Ben snarled, “So take me there!”

“All right, all right…”

Sam opened up the hatchway and climbed down. Ben followed right behind him, closing the hatch on his way down.

“Where’s this going to take us out?” Ben asked in a sibilant hiss.

“The tunnels open in multiple places throughout the Pentagon,” Sam replied. “I’m hoping to exit somewhere near the southwestern carpark.”

“You’re hoping?”

Sam shrugged. “It’s not like I have a map.”

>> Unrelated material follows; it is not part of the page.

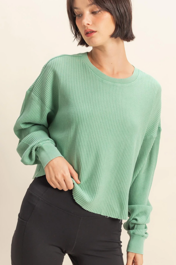 Stay Cozy And Stylish With This Waffle Long Sleeve Top. Featuring A Relaxed Fit And Crew Neckline, This Top Is Perfect For Layering Or Wearing On Its Own. The Waffle Fabric Offers Both Comfort And A Trendy Texture, Making It An Ideal Choice For Casual Outings Or Lounging At Home. Pair It With High-Waisted Jeans Or Sweatpants For A Laid-Back Look. v

“What’s the point of having a secret escape tunnel that doesn’t get you out of the building?” Ben asked, irritably.

“It does. Somewhere near the Potomac.”

Ben asked, “So why don’t you take me that way?”

Sam ignored him, stopping at a point where two tunnels intersected, where two wedges of the five-sided building met. He checked the compass on his dive watch, confirmed his position, and headed west, toward the southwestern carpark exit.

“Hey,” Ben said, grabbing him by his shoulder, to face him. “I asked you a question.”

Sam met his eyes, defiantly. “Yeah?”

“Why don’t you take me all the way out of the building through to the Potomac?”

“Because I promised you I’d get you out of here, and you promised me that you wouldn’t kill me in the process.” Sam forcibly shrugged Ben’s hand off his shoulder and continued walking west. “For reasons I’m quickly forgetting, I promised to get you out of here alive, and that’s exactly what I intend to do.”